Now, the Engineering and Physical Research Council (EPSRC) has awarded a new £4.8 million programme grant to Imperial and King’s College London that will take plasmonics to the next stage, with a focus on real-life applications in chemistry, catalysis, bioimaging, and optoelectronics. On a more fundamental level the project will explore the behaviour of electrons in the formation of plasmons in metallic nanostructures.
“We have put an exciting team of researchers from physics, chemistry, and materials science together to ensure a wide interdisciplinary impact of our research,” said Professor Stefan Maier, Principal Investigator for Imperial on this project, from the College’s Department of Physics. He is joined by a team of senior investigators including Professor Lesley Cohen, Neil Alford, and Dr. Rupert Oulton.
Professor Anatoly Zayats from King’s College, Principal Investigator of the programme grant, said: “We are very excited to work on this research programme with our colleagues at Imperial College London and our industrial partners. We have a challenging six years ahead to unlock new applications of plasmonics. With the development of new plasmonic materials and our understanding of electron behaviour in plasmonic nanostructures, the programme will allow us to harness unique properties of nanoplasmonics in high-density data storage, improved opto-electronic components, green energy, and many other optical technologies of the future.”

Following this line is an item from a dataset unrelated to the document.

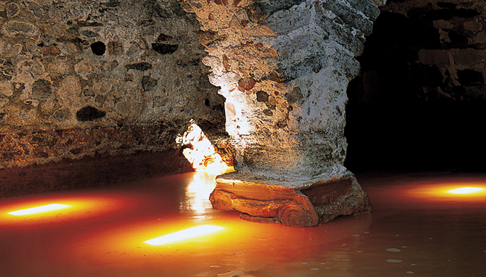 At Gera Bay, 6,5 kilometers from the city of Mytilene on the road to Agiasos, we encounter the thermal springs of “Therma”. They are excellent baths, where the waters run headlong into two separate pools through marble faucets. He landscape is enchanting and the water temperature is ideal providing the opportunity to the bathers to enjoy the therapeutic qualities of the spring.

The grant is provided by the EPSRC as part of a £70 million package to enhance and support world-leading science equipment and a wide range of research activities at 18 universities across the UK. EPSRC invests around £800 million a year in research and postgraduate training, in areas covering information technology, structural engineering and materials science.
Professor Philip Nelson, EPSRC Chief Executive, said: “Put simply, investment in world-class projects, equipment and people helps to make the UK the best place in the world to research, discover and innovate. This £65m package will fuel the UK’s technological progress, help address the challenges of today and tomorrow, and contribute to a strong economy.”